Questions and comments

Re: Obama's stimulus

--It shouldn't be called a 'stimulus.' It should be called a government spending program, and conceptualized as a significant shift in the distribution of the country's wealth.

--I liked the first picture of the plan I saw, as laid out in the WSJ on January 15th. A lot of money to states, education, and infrastructure. To me it looks like a distribution of wealth in the direction that the American economy needs to re-balance things. The goals should be to push capital toward productive rather than merely financial activities, and create a viable middle-class of consumers.

--A slightly worse plan than this first one will finally get passed. The Republicans are playing politics rather than giving good-faith arguments about the future of America. But probably we're all doing that, more or less.

--We should pay for the spending program with a repeal of the Bush tax cuts, with the compromise to transition back to the Bush tax cuts within six to ten years, after necessary stabilization happens.

--Short of such new tax revenues, get ready for extremely high interest rates. The government remarkably resembles a broke entity, even though we all know it runs the world's printing presses.

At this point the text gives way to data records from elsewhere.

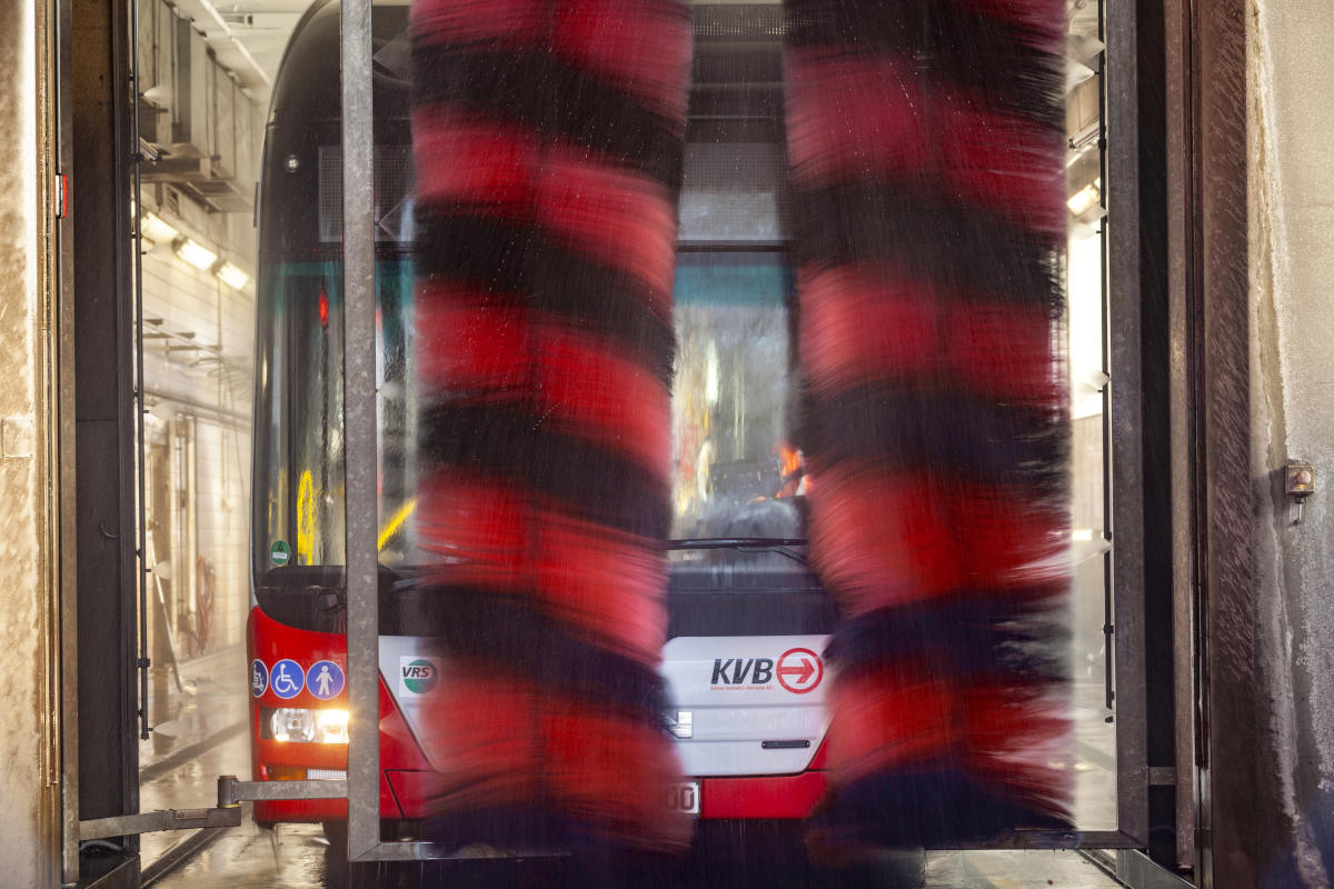 • → Auf den Bus-Betriebshöfen in Niehl und Porz werden wöchentlich mehr als 300 Busse in zwei Waschanlagen gereinigt.
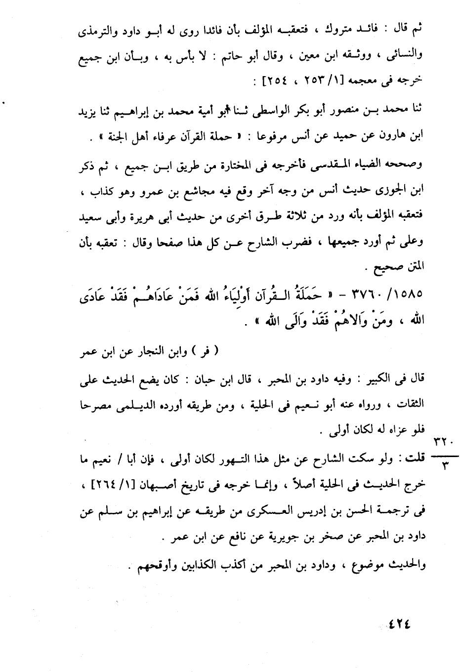 1585/ 3760 - "حَمَلَةُ القُرآن أَوْلِيَاءُ اللَّه فَمَنْ عَادَاهُمْ فَقَدْ عَادَى اللَّه، ومَنْ وَالاهُمْ فَقَدْ وَالَى اللَّه".
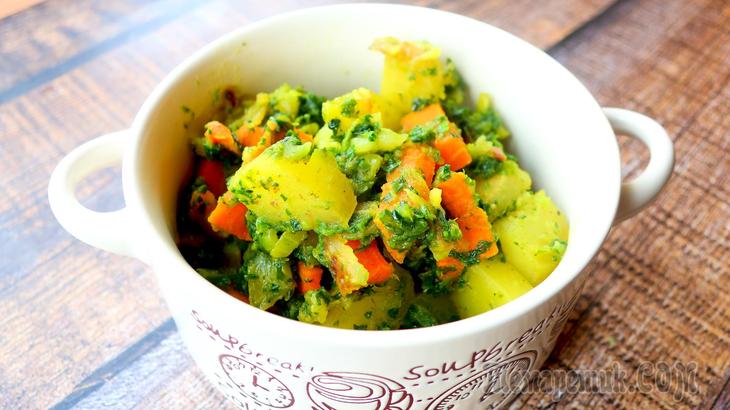 Ароматное овощное рагу из запеченных овощей Ингредиенты: морковь - 400 г.картофель - 400 г.лук - 1 шт.чеснок - 2 зуб.шпинат - 200 г.сольперецпаприка - 1 ч.л.куркума - 1 ч.л.имбирь - 1/2 ч.л.тимьянрозмаринмускатный орех - 1/4 ч.л.вода - 100 мл.П...

--This contradiction interests me. If, by the design of the system, we have all the money we need at our fingertips, why do American banks, American consumers, and the American government appear to be broke?

--Does the world live by new rules? Does our liquidity crisis mark the end of the old system?

--How can we learn a new system, when we've barely begun to understand the old one?

--Or is the American consumer still king as soon as the world recession turns around?

If so, the old system remains. If not we live in a brave, new world of consumption, in which we are no longer the king, but a powerful entity among others.